The Story
Why it exists.
The beginning
Tsuki means moon. But this isn't the harvest moon, fat and golden over a festival. It's the blue hour moon, the one that keeps you awake past your bedtime, phone dark, watching the light shift across the ceiling. Miya Shinma has always understood that perfume is a diary entry more than a statement. She grew up in Shizuoka, moved to Paris in the late nineties, and built a house around the idea that scent carries memory better than photographs. Tsuki is her translation of longing itself, not the joy of arrival, but the specific tenderness of waiting for someone who might not come.
Bamboo in perfumery is a tricky material. On paper it reads green, fresh, almost aquatic. In a composition it can feel ephemeral, like mist. What Miya Shinma does here is anchor that ephemerality with heliotrope, a material that smells like almond blossoms crossed with vanilla, powdery in a way that evokes the inside of a pearl shell, or the soft light that pools in a room at 3am. The combination of bamboo's cool green note and heliotrope's lunar quality creates something that feels genuinely atmospheric. Rose absolute and jasmine hold the middle ground, floral, but not lush. Not juicy. More like pressed flowers in a book you've kept for years.
The evolution
For the first twenty minutes, Tsuki is electric in its clarity. Raspberry arrives tart and bright, cutting through the green bamboo stillness like a signal flare. There's something almost citrus-like in the raspberry's brightness, a wake-up call.
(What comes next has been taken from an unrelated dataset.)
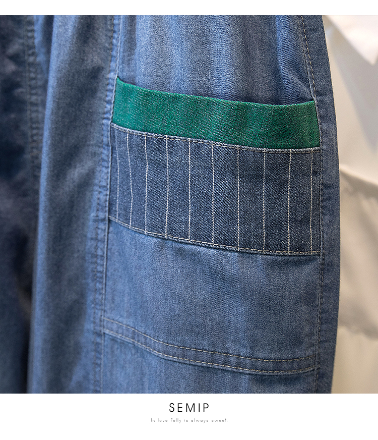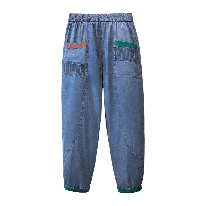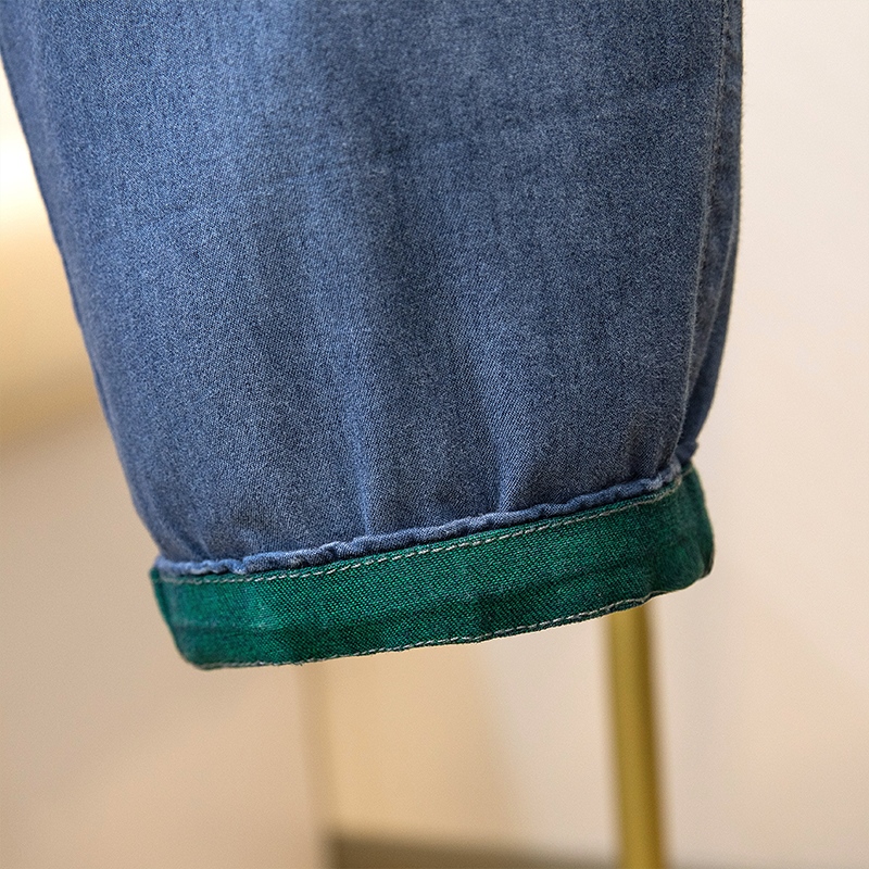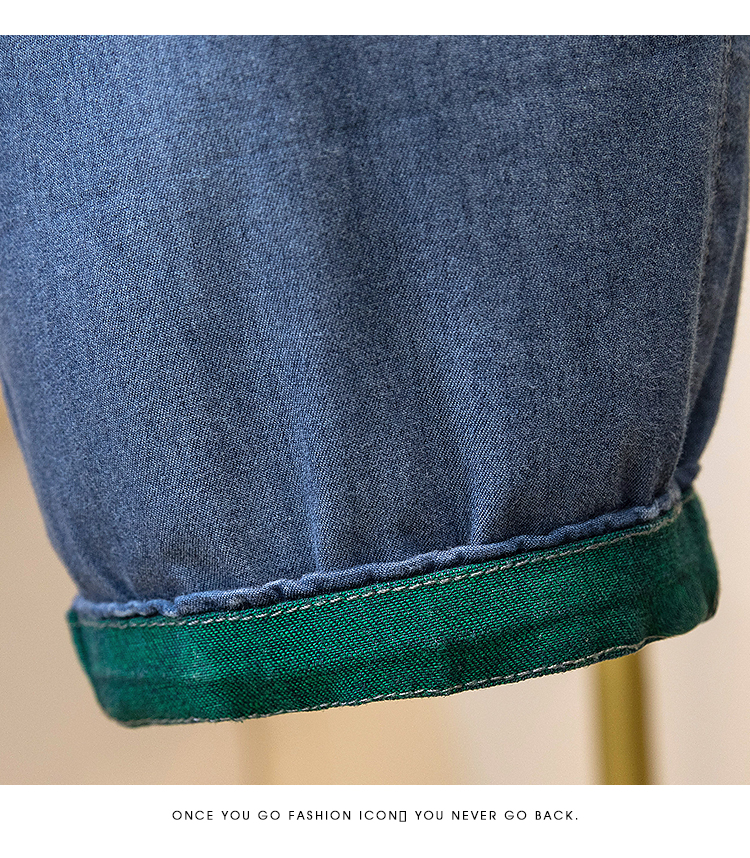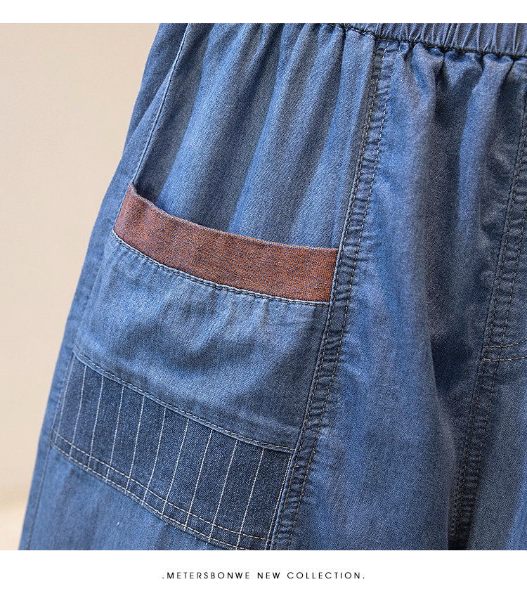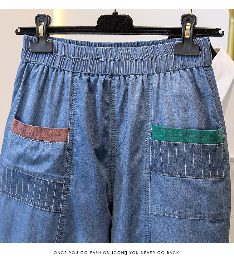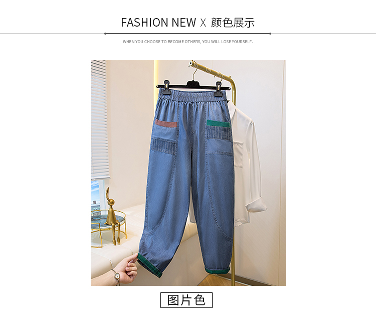 주간 실크 청바지 여성 봄 여름 섹션 밴딩 하이웨이스트 지방 mm 루즈핏 빅 사이즈 슬림해 보이는 얼음 실크 9 포인트 초박형 스트레이트 팬츠
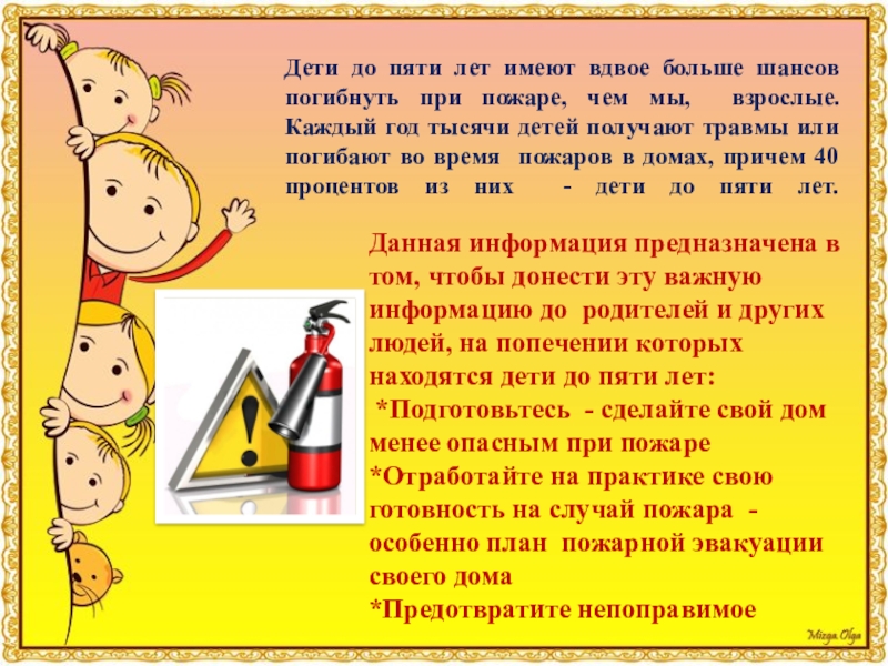 Данная информация предназначена в том, чтобы донести эту важную информацию до родителей и других людей, на попечении которых находятся дети до пяти лет:

Then the floral heart emerges. Rose absolute blooms slowly, not dropping petals but unfurling, and jasmine threads alongside it, creamy and nocturnal. By the second hour, the raspberry has softened. The composition settles. Heliotrope takes its place as the main character, powdery, intimate, close to the skin. This is when the fragrance becomes truly itself. The drydown is heliotrope and sandalwood, with musk holding everything together, warm and human. Lasts six to eight hours depending on skin. By morning, there's a ghost of powdery warmth left on fabric, the scent of sheets that have been slept in, of someone who stayed past midnight.
Cultural impact
Tsuki occupies a specific corner of the niche world, Japanese-influenced, powdery-forward, quietly elegant. It sits alongside fragrances like Dries Van Noten's eponymous fruity-floral and Le Labo Santal 33 in its appeal to those who want scent to be a private language rather than a public announcement. The heliotrope-powdery thread runs through much of contemporary niche, but Tsuki distinguishes itself through the bamboo note and the specificity of its emotional register. It's the fragrance you reach for when you want to smell beautiful and don't need anyone else to notice.